Exercises to Release Trauma

  1. Mindful Breathing Techniques: Incorporating mindful breathing techniques into your daily routine can help calm the nervous system and release stored tension. Practice deep diaphragmatic breathing, focusing on the rise and fall of your abdomen with each inhale and exhale. Set aside a few minutes each day for mindful breathing exercises, gradually increasing the duration as you become more comfortable.
  2. Yoga and Stretching: Engaging in yoga and stretching routines can help release physical tension while promoting relaxation and mindfulness. Poses such as Child’s Pose, Forward Fold, and Cat-Cow Stretch target areas of the body commonly affected by trauma-induced tension, such as the back, shoulders, and hips. Aim to incorporate a yoga or stretching session into your daily schedule, allowing yourself to fully surrender to each pose and release pent-up energy.
  3. Cardiovascular Exercise: Engaging in cardiovascular exercise, such as running, swimming, or cycling, can facilitate the release of endorphins, the body’s natural feel-good chemicals. These endorphins not only elevate mood but also serve as natural stress relievers, helping to alleviate symptoms of trauma-related anxiety and depression. Find an activity that you enjoy and aim for at least 30 minutes of moderate-intensity exercise most days of the week.
  4. Body Scan Meditation: Body scan meditation involves systematically bringing awareness to different areas of the body, noticing any sensations or tension present without judgment. This practice can help you develop a deeper understanding of how trauma manifests in your body and cultivate a sense of compassion towards yourself. Dedicate time each day to practice body scan meditation, starting from the top of your head and gradually moving down to your toes.
  5. Expressive Movement: Engaging in expressive movement practices, such as dance or martial arts, allows for the release of pent-up emotions and physical tension. Dance therapy, in particular, provides a creative outlet for processing trauma while fostering self-expression and empowerment. Set aside time each week to engage in expressive movement, allowing yourself to move freely and without inhibition.
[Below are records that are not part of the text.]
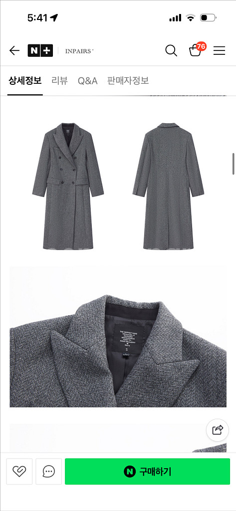 플리츠 롱 코트예요. 깔끔한 그레이 컬러로 어떤 스타일링에도 잘 어울리고,헤링본 직조로 고급스러워요~ 생로랑 더블코트 스타일 새상품 할인해서 판매합니다 편의점 반택은 배송비 무료입니다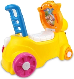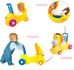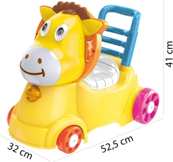 Prisrčen rumen osliček motivira otroke k gibanju, izboljšuje ravnotežje in koordinacijo ter spodbuja samostojnost. Zaradi praktičnega ročaja in stabilnega naslonjala je primeren tako za prve korake kot za varno odrivanje in vožnjo po stanovanju.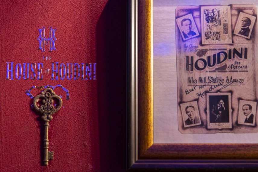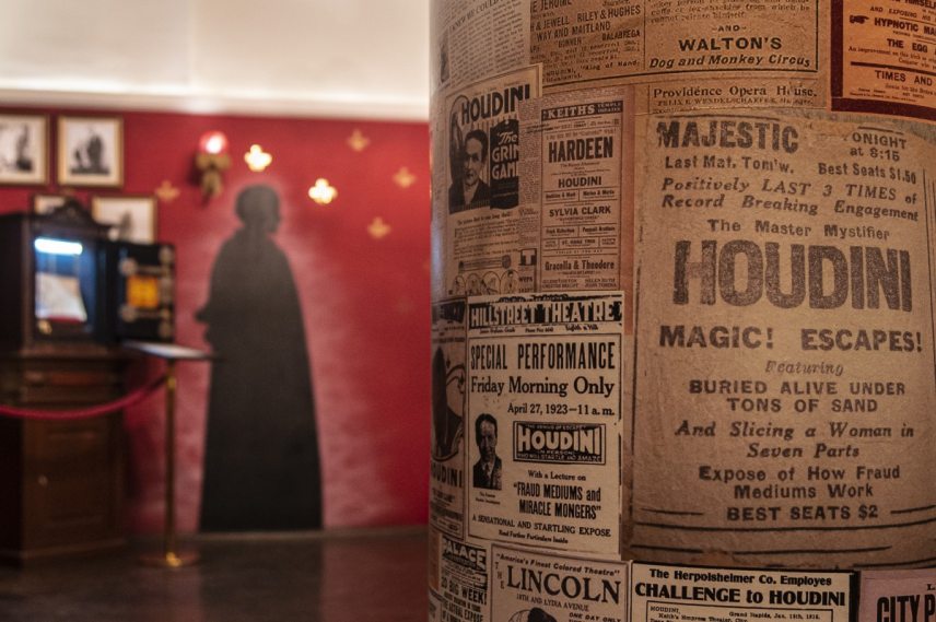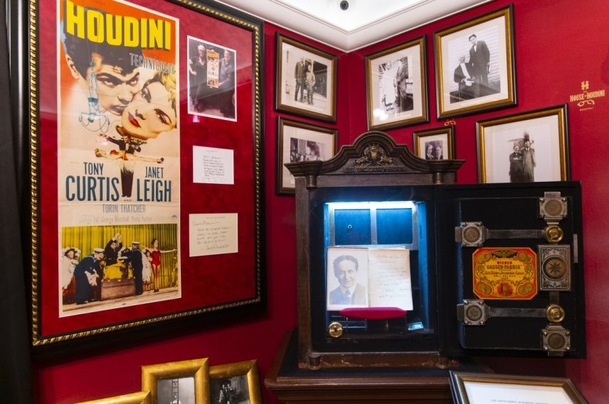 Azután belépünk az emlékhely előterébe, s kicsit olyan érzésünk támad, mintha valami időcsapdába kerültünk volna. A Houdini-ház évszázados időutazásra hív. A jegypénztár mintha egy amerikai bank kasszája lenne az 1920-as évekből, a sarokban páncélszekrény, a falakon plakátok. Igazi cirkuszi hangulat. A bejárat mellett maga a nagy Houdini áll megbilincselve, ketrecbe zárva, alig várja, hogy megmutassa a csodát, a lehetetlenből szabaduló képtelen varázslatot. Persze a viaszbábu csak díszlet, a valódi csoda akkor kezdődik, ha belépünk a kiállítótérbe.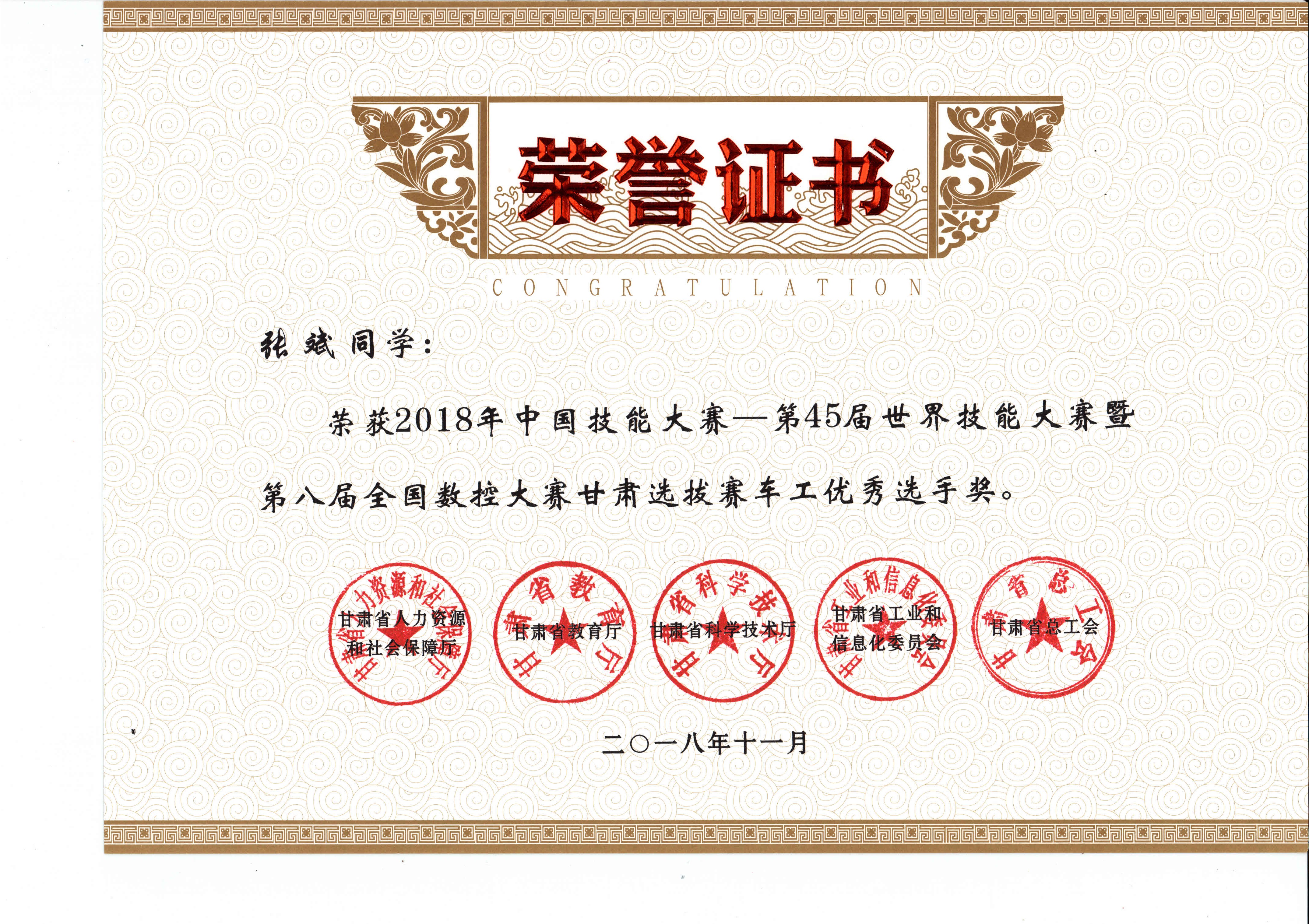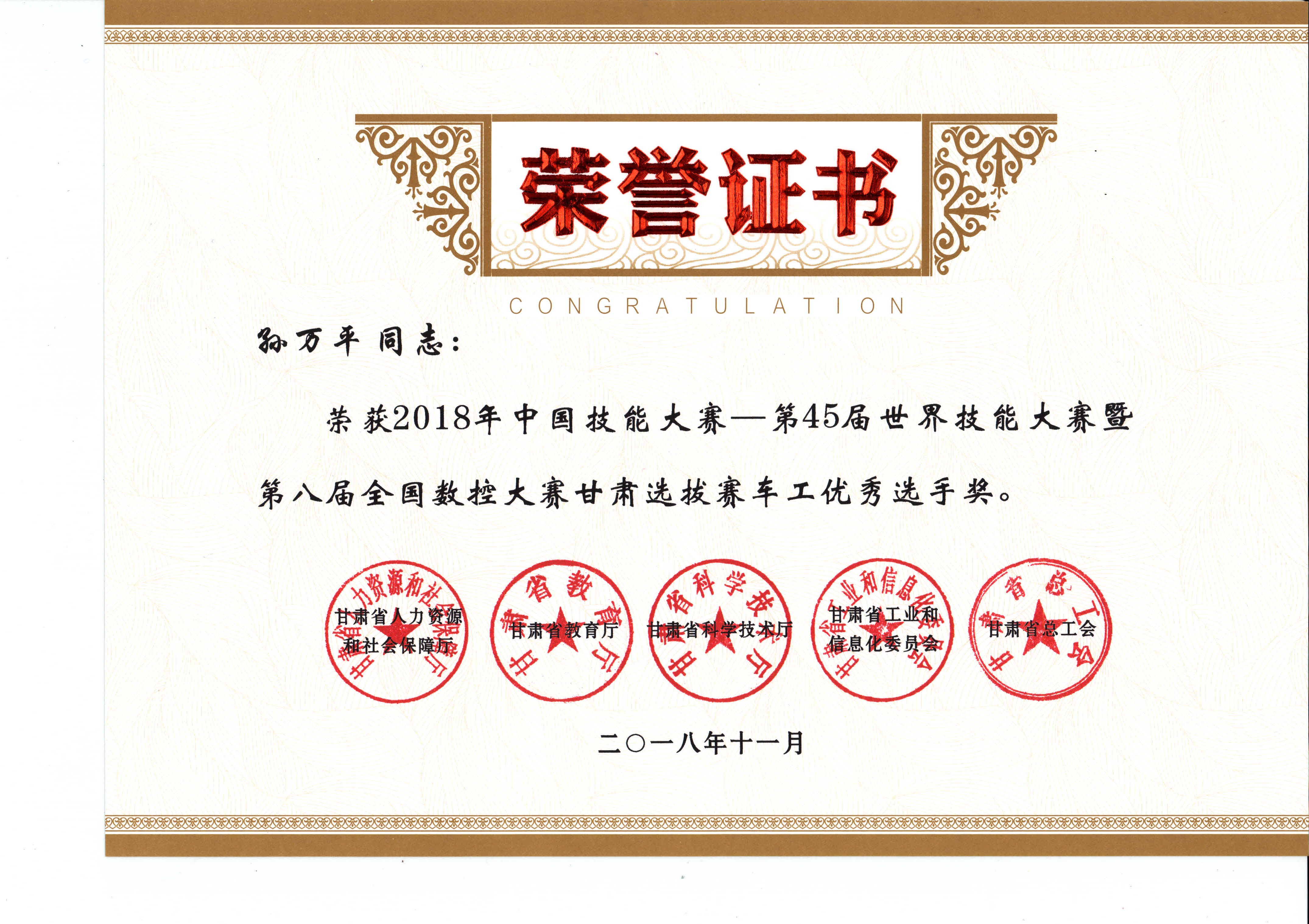 2018年中國技能大賽--第45屆世界技能大賽暨第八屆全國數(shù)控大賽甘肅選拔賽(車工項(xiàng)目)獲獎(jiǎng)證書

  6. Progressive Muscle Relaxation: Progressive muscle relaxation involves systematically tensing and relaxing different muscle groups, promoting physical relaxation and stress relief. Begin by tensing each muscle group for a few seconds before releasing and allowing the tension to melt away. Practice progressive muscle relaxation before bed or during moments of heightened stress to promote relaxation and improve sleep quality.
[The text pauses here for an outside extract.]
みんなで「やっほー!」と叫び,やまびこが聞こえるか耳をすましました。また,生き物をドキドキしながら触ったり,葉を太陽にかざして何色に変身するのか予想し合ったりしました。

Trauma has a profound impact on both the mind and body, often leading to chronic tension and discomfort if left unresolved. By incorporating exercises that target both physical and emotional well-being into your daily routine, you can effectively release stored it from your body and reclaim a sense of balance and vitality.

Remember to approach these exercises with patience and compassion, allowing yourself the time and space needed for healing and growth. With consistent practice, you can embark on a journey towards greater health, productivity, and overall well-being.